[Bioc-devel] OrganismDb package for Drosophila.melanogaster
Martin Morgan
martin.morgan at roswellpark.org
Tue Nov 15 20:35:38 CET 2016
On 11/15/2016 02:34 PM, Martin Morgan wrote:
> On 11/15/2016 09:52 AM, Obenchain, Valerie wrote:
>> Hi Pariksheet,
>>
>> On 11/15/2016 03:32 AM, Pariksheet Nanda wrote:
>>> Hi folks,
>>>
>>> It would be great to have an OrganismDb package for
>>> Drosophila.melanogaster, similar to Homo.sapiens, Mus.musculus and
>>> Rattus.norvegicus.
>>>
>>> While trying to do this on my own using the Homo.sapiens package as a
>>> starting point, I found the most similar looking keys to relate
>>> org.Dm.eg.db and TxDb.Dmelanogaster.UCSC.dm6.ensGene to be "ENSEMBL" and
>>> "GENEID" though there's a ".1" tacked to the end "GENEID" which makes it
>>> harder to supply the graphInfo object to
>>> OrganismDbi:::.loadOrganismDbiPkg:
>>>
>>> !> key_ <- function(db, key) sort(as.character(
>>> + select(db, keys(db, key), key,
>>> key)[[key]]))
>>> > key_head <- function(db, key) head(key_(db, key))
>>> > key_head(TxDb.Dmelanogaster.UCSC.dm6.ensGene, "GENEID")
>>> 'select()' returned 1:1 mapping between keys and columns
>>> [1] "FBgn0000003.1" "FBgn0000008.1" "FBgn0000014.1" "FBgn0000015.1"
>>> [5] "FBgn0000017.1" "FBgn0000018.1"
>>> > key_head(org.Dm.eg.db, "ENSEMBL")
>>> [1] "FBgn0000008" "FBgn0000014" "FBgn0000015" "FBgn0000017"
>>> "FBgn0000018"
>>> [6] "FBgn0000022"
>>> >
>>>
>>> In other words, like Rattus.norvegicus, it might be good do add a UCSC
>>> "refGene" TxDb package for dm6 as "ensGene" doesn't appear to be as
>>> good of
>>> a candidate (at least without some ugliness)?
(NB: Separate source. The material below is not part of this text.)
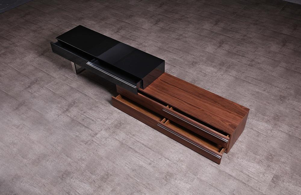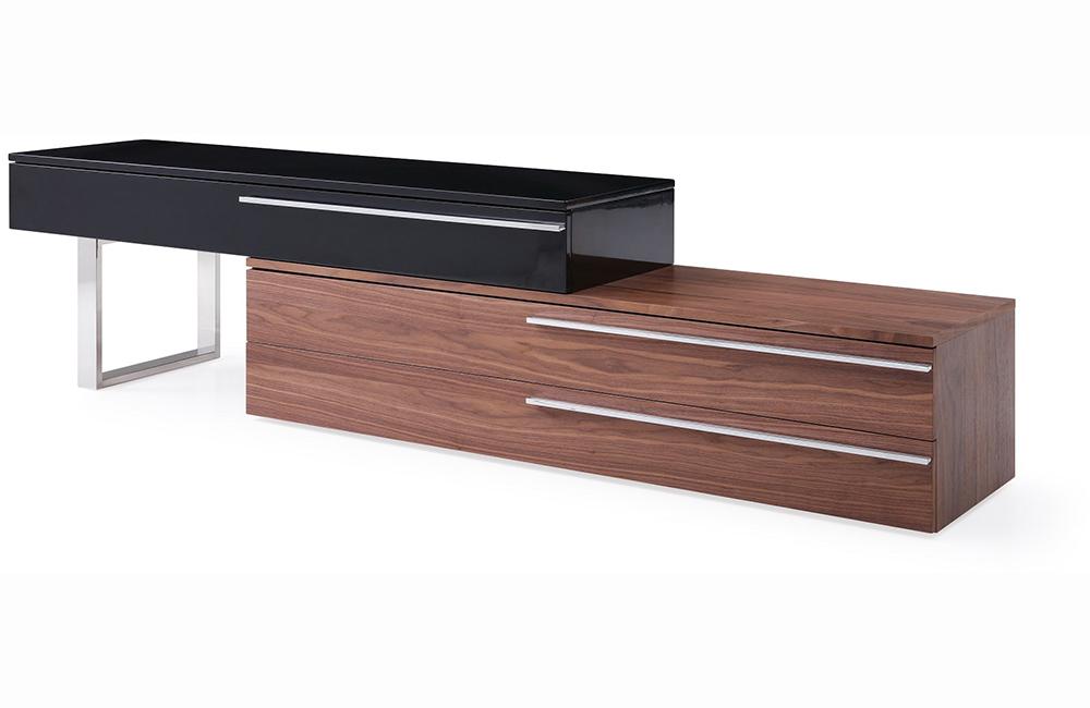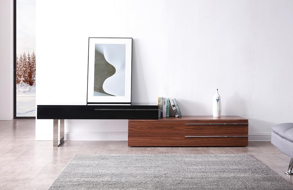 Sometimes the simplicity of a design is what anchors sophistication. This modern TV base features two contrasting colors juxtaposed to create a minimalist yet alluring design. This TV base features premium soft close drawers, and is available in 3 combinations. The top portion can be moved left or right to create the perfect size. Hang your TV on the wall, and place this unit underneath for the perfect accentuated look.

I was looking at
>>> creating a
>>> dm6 UCSC "refGene" TxDb.
>> You can use GenomicFeatures::makeTxDbFromUCSC() to create the TxDb. The
>> man page, ?makeTxDbFromUCSC, also has helper functions that display
>> available genomes, tables and tracks.
>
> I'm not completely sure of the result, but
>
> library(OrganismDb)
> odb = makeOrganismDbFromUCSC("dm6", tableName="refGene")
^^tablename
>
> might be most of the way there?
>
> Martin
>
>>
>> Valerie
>>
>>> I imagine one would query the UCSC public MySQL
>>> server and then do the SQLite conversion. Although the conversion to
>>> SQLite seems a bit finagly as the datatypes differ between MySQL and
>>> SQLite
>>> and I'm having a hard time finding a well supported tool to do it; I
>>> don't
>>> want to introduce errors or harm reproducibility. What do you use for
>>> MySQL to SQLite conversion? Or would it be more sensible for you
>>> benevolent dictators to generate the package(s)?
>>>
>>> Pariksheet
>>>
>>> ---
>>> Pariksheet Nanda
>>> PhD Candidate in Genetics and Genomics
>>> System Administrator, Storrs HPC Cluster
>>> University of Connecticut
>>>
>>> ---
>>> > sessionInfo()
>>> R Under development (unstable) (2016-11-13 r71655)
>>> Platform: x86_64-pc-linux-gnu (64-bit)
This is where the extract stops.